◆ Data supplied:

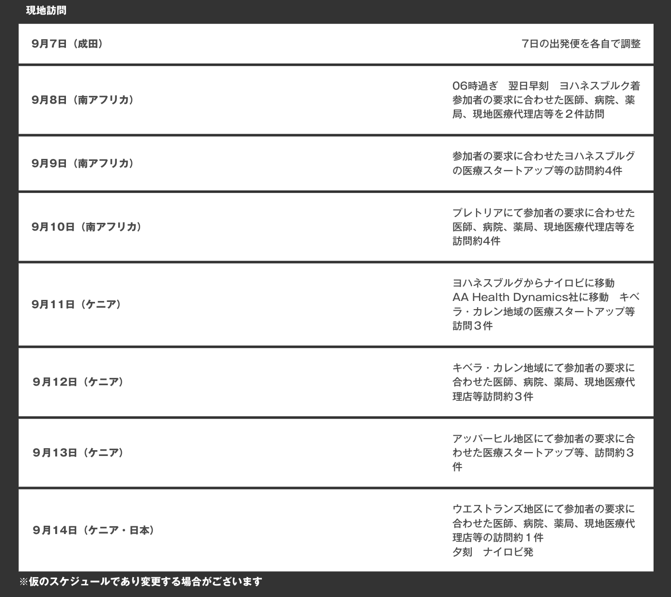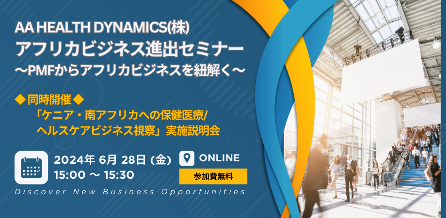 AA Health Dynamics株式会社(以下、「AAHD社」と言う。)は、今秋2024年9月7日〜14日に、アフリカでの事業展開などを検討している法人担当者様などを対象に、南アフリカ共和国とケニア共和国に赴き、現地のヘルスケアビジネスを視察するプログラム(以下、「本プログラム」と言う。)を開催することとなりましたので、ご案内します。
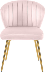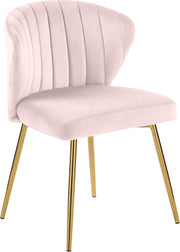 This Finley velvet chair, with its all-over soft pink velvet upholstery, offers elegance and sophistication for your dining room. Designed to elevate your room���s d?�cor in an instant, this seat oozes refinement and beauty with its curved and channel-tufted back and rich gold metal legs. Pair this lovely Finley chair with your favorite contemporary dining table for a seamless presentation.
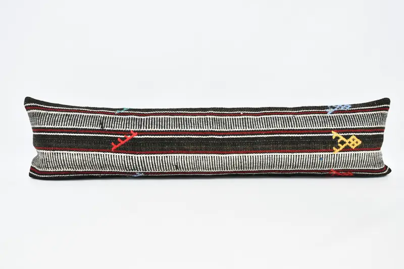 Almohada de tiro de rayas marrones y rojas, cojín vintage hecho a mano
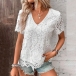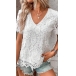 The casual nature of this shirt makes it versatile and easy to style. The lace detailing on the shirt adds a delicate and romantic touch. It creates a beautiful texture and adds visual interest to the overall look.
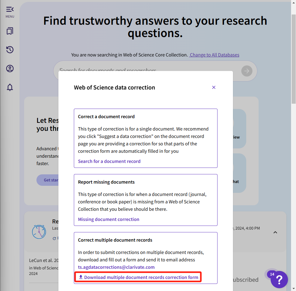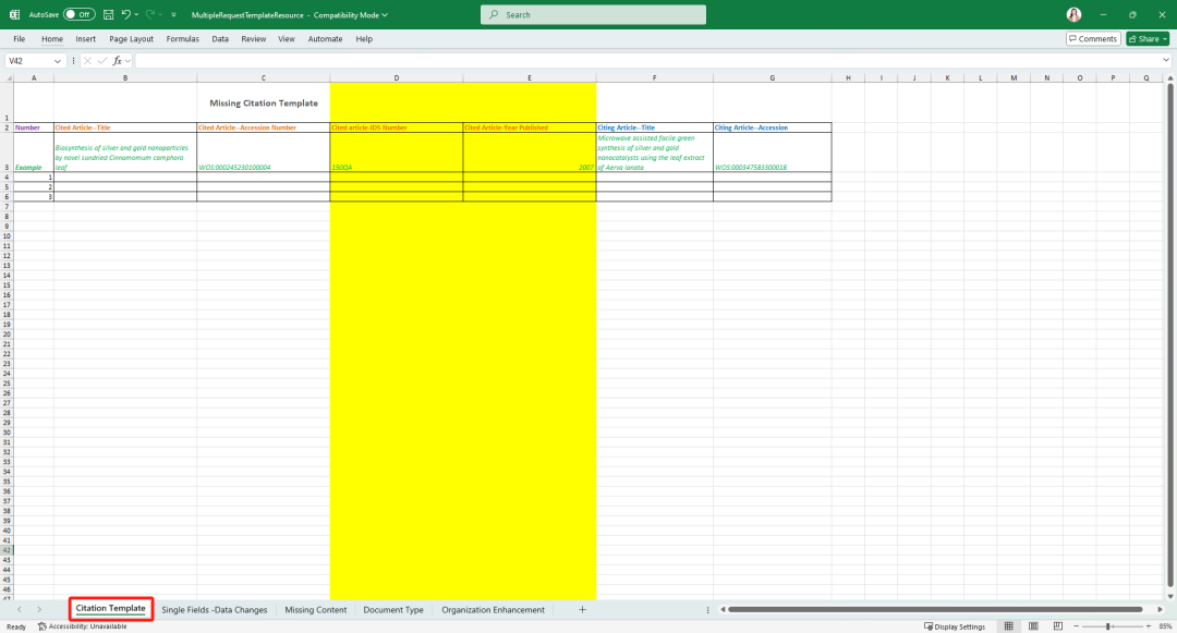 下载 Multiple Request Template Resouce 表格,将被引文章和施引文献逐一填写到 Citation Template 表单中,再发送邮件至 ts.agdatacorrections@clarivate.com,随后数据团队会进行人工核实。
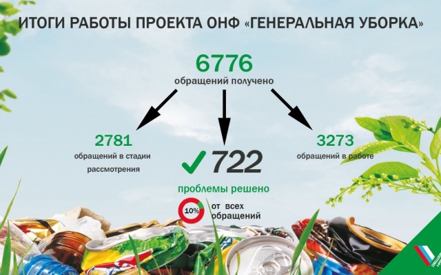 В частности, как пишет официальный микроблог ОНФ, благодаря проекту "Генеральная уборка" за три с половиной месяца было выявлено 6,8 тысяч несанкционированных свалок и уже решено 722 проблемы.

...

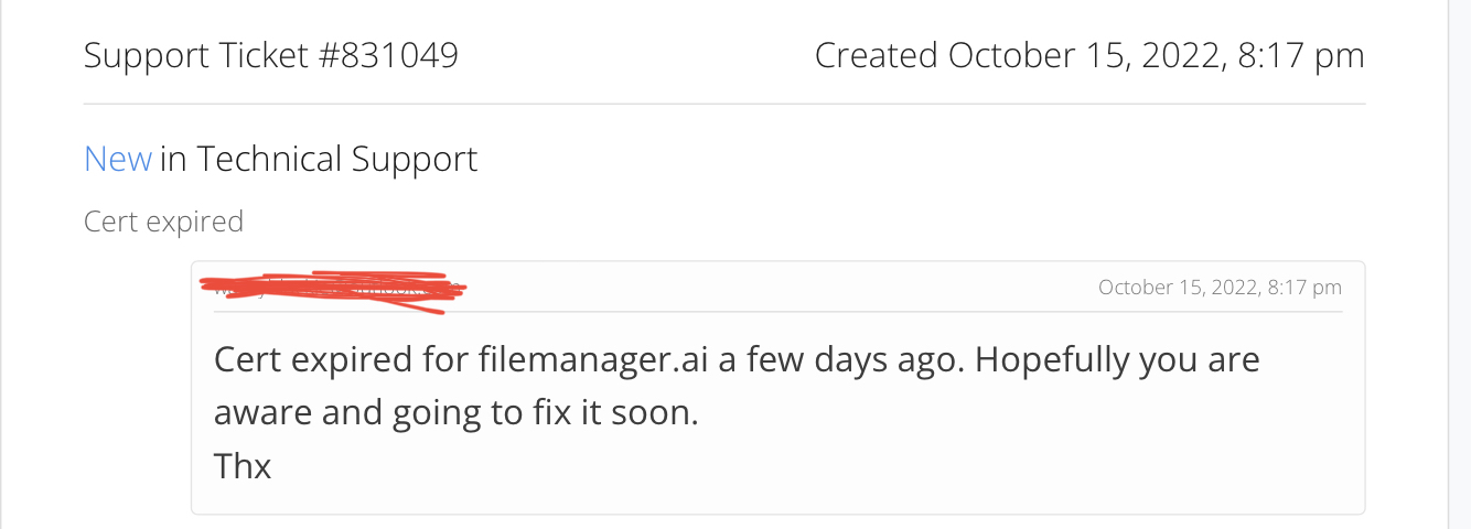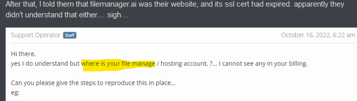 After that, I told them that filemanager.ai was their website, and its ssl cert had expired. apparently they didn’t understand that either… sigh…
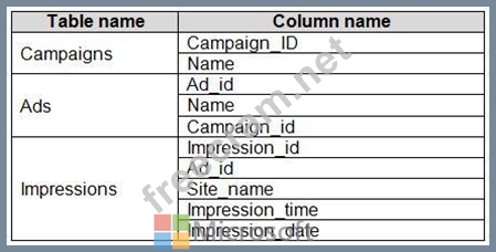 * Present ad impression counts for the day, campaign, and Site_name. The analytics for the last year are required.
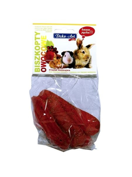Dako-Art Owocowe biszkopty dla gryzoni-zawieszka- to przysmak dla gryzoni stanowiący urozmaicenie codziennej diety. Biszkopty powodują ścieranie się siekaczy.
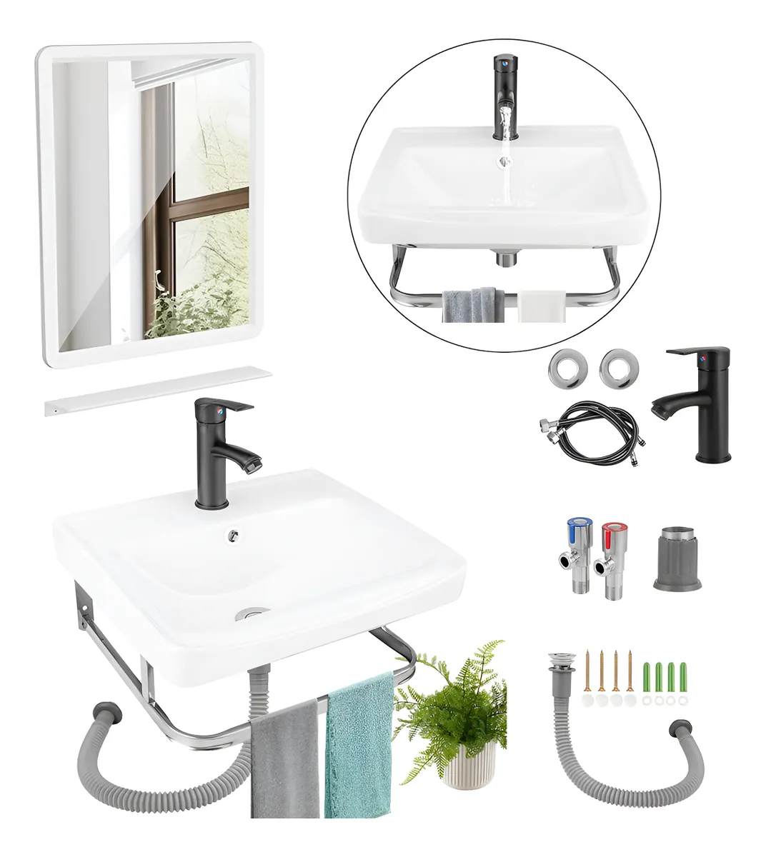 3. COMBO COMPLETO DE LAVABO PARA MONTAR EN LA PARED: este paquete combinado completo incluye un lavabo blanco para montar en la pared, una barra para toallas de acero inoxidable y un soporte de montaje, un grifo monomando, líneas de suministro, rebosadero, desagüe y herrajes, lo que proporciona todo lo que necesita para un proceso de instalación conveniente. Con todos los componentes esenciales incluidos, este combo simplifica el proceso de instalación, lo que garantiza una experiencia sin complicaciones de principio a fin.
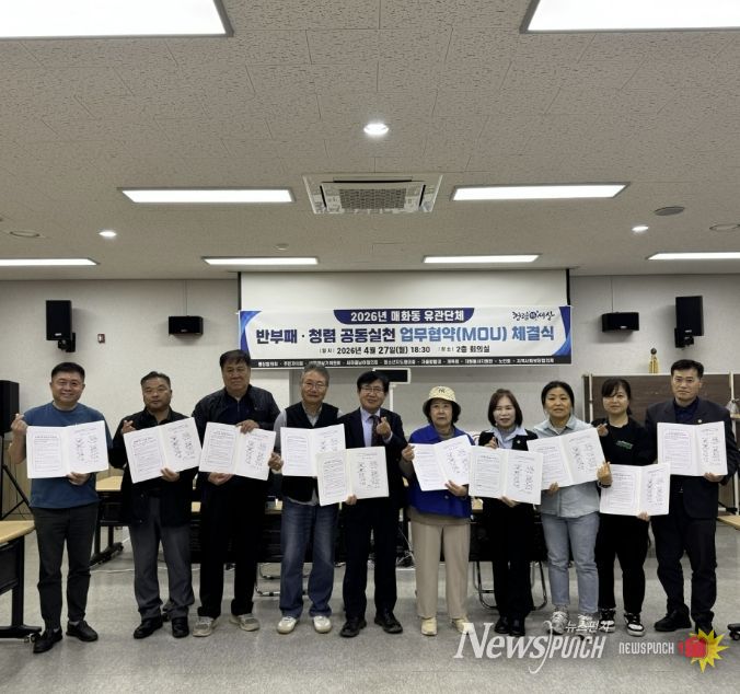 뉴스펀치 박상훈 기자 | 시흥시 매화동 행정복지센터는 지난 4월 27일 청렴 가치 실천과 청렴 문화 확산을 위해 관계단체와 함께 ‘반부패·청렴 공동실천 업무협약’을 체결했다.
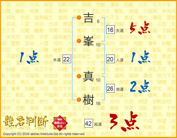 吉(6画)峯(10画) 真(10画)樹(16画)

◆ Task description: Look above and copy only the lines from the one holding "Almohada de tiro" to the one holding "В частности, как", both included, exactly, minus the pictures.

◆ Task solution:
 Almohada de tiro de rayas marrones y rojas, cojín vintage hecho a mano
 The casual nature of this shirt makes it versatile and easy to style. The lace detailing on the shirt adds a delicate and romantic touch. It creates a beautiful texture and adds visual interest to the overall look.
 下载 Multiple Request Template Resouce 表格,将被引文章和施引文献逐一填写到 Citation Template 表单中,再发送邮件至 ts.agdatacorrections@clarivate.com,随后数据团队会进行人工核实。
 В частности, как пишет официальный микроблог ОНФ, благодаря проекту "Генеральная уборка" за три с половиной месяца было выявлено 6,8 тысяч несанкционированных свалок и уже решено 722 проблемы.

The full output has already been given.